В этом практикуме я использовал геном археи Thermococcus kodakarensis KOD1 (NCBI Taxonomy ID 69014). Ее протеом уже был скачан в формате swiss; чтобы найти в скачанном файле TaxID организма, а также убедиться, что его значения совпадают у всех белков, я использовал следующий скрипт:
zcat UP000000536.swiss.gz | grep 'TaxID' | cut -c 1-21 | uniq
Выдача скрипта:
OX NCBI_TaxID=69014
С помощью программы datasets я получил список сборок, соответствующих T. kodakarensis KOD1 в RefSeq, для этого был использован следующий скрипт:
datasets summary genome taxon 69014 --assembly-source refseq --as-json-lines | dataformat tsv genome --fields accession
Скрипт выдал единственную сборку GCF_000009965.1. Команда для скачивания последовательности генома и таблицы локадьных особенностей:
datasets download genome accession GCF_000009965.1 --include genome,gff3
Полученный архив был распакован с помощью следующей команды:
unzip ncbi_dataset.zip
Для дальнейшей работы с геномом T. kodakarensis нужно было проверить, какой он использует генетический код.

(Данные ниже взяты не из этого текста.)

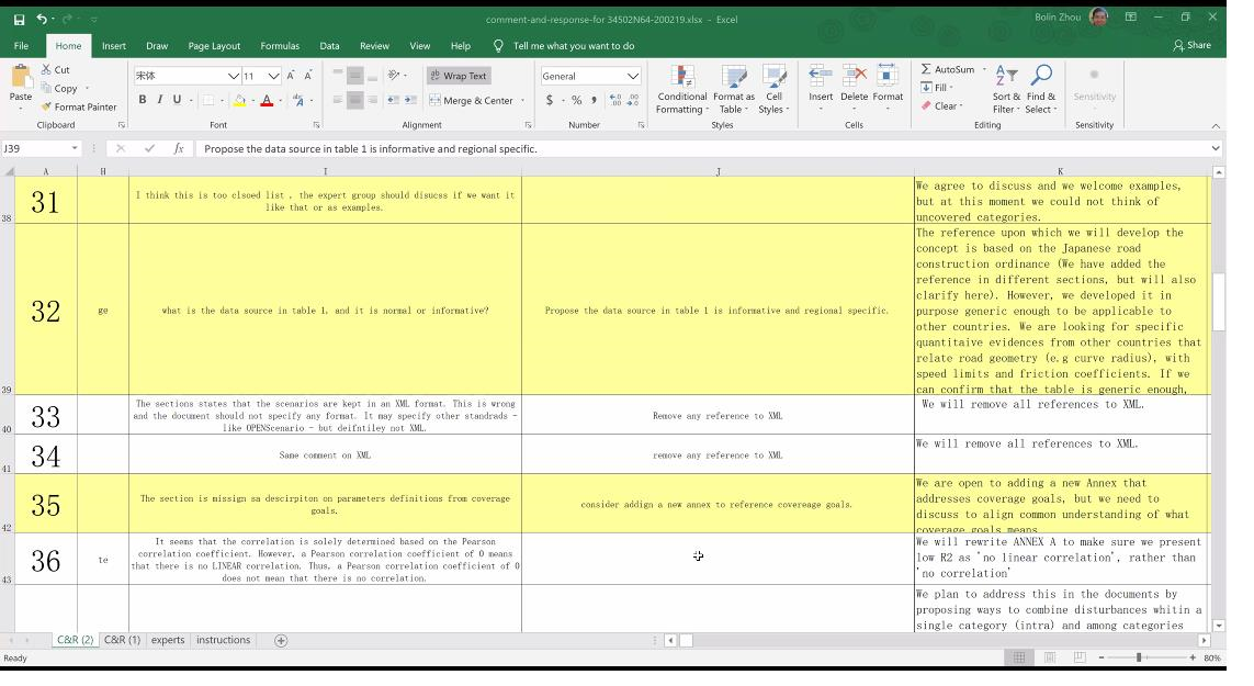 本次會議主要梳理WG9工作組現(xiàn)有各項工作情況,討論目前正在開展國際標(biāo)準(zhǔn)起草項目相關(guān)議題,針對其中重點問題探討解決方案,并制定工作組后續(xù)工作計劃。會議首先由日本專家Dr.JacoboAntona介紹“ISO34502-基于場景的自動駕駛安全評價工程框架與流程”國際標(biāo)準(zhǔn)起草情況,會議根據(jù)前期在工作組內(nèi)部收集到的草案意見逐條進(jìn)行討論,主要涉及草案中有關(guān)專業(yè)術(shù)語用詞、技術(shù)范疇界定及場景覆蓋度等問題;隨后,中國專家孫航介紹了“ISO34501-自動駕駛系統(tǒng)測試場景術(shù)語和定義”國際標(biāo)準(zhǔn)起草情況:草案根據(jù)之前會議討論結(jié)果進(jìn)行了完善,修改了部分關(guān)鍵性術(shù)語,并通過添加示例和注釋等形式闡明相關(guān)術(shù)語之間的關(guān)系,會議對該草案進(jìn)行了初步討論并給出了修改意見,其他修改意見將于3月中旬之前完成反饋;最后,會議還對ISO34503、ISO34504等兩項標(biāo)準(zhǔn)的制定情況進(jìn)行了匯報。

Это было сделано с помощью команды efetch:
efetch -db taxonomy -id 69014 -format xml > taxon.xml
Из созданного xml-документа видно, что таблица кода 11. С помощью программы getorf были получены трансляции открытых рамок считывания между стоп-кодонами длиной не менее 50 аминокислот:
getorf ncbi_dataset/data/GCF_000009965.1/GCF_000009965.1_ASM996v1_genomic.fna seq.fasta -find 0 -minsize 150 -table 11
По промежуточному файлу seq.fasta была создана база данных ORFs:
makeblastdb -dbtype prot -in seq.fasta -out ORFs
Чтобы убедиться, что все трансляции имеют длину не менее 50 аминокислот я воспользовался программой infoseq:
infoseq seq.fasta |cut -d ' ' -f35 | sort -n | uniq
С помощью команды seqret были скачаны последовательности трех метилтрансфераз из Swiss-Prot, для этого понадобилось создать также промежуточный файл listfile.txt:
echo -e 'sw:P0AED9\nsw:P0AEE8\nsw:P23941' > listfile.txt
seqret @listfile.txt query_MTases.fasta
Я провел выравнивание последовательностей из базы данных ORFs с последовательностями из query_MTases.fasta с помощью локального blastp:
blastp -db ORFs -query query_MTases.fasta -out blast.txt -outfmt 7
Наибольший вес (39.3) имеет выравнивание рамки NC_006624.1_7739 (координаты - 1835582 - 1836472) с m4C-метилтрансферазой Bacillus amyloliquefaciens.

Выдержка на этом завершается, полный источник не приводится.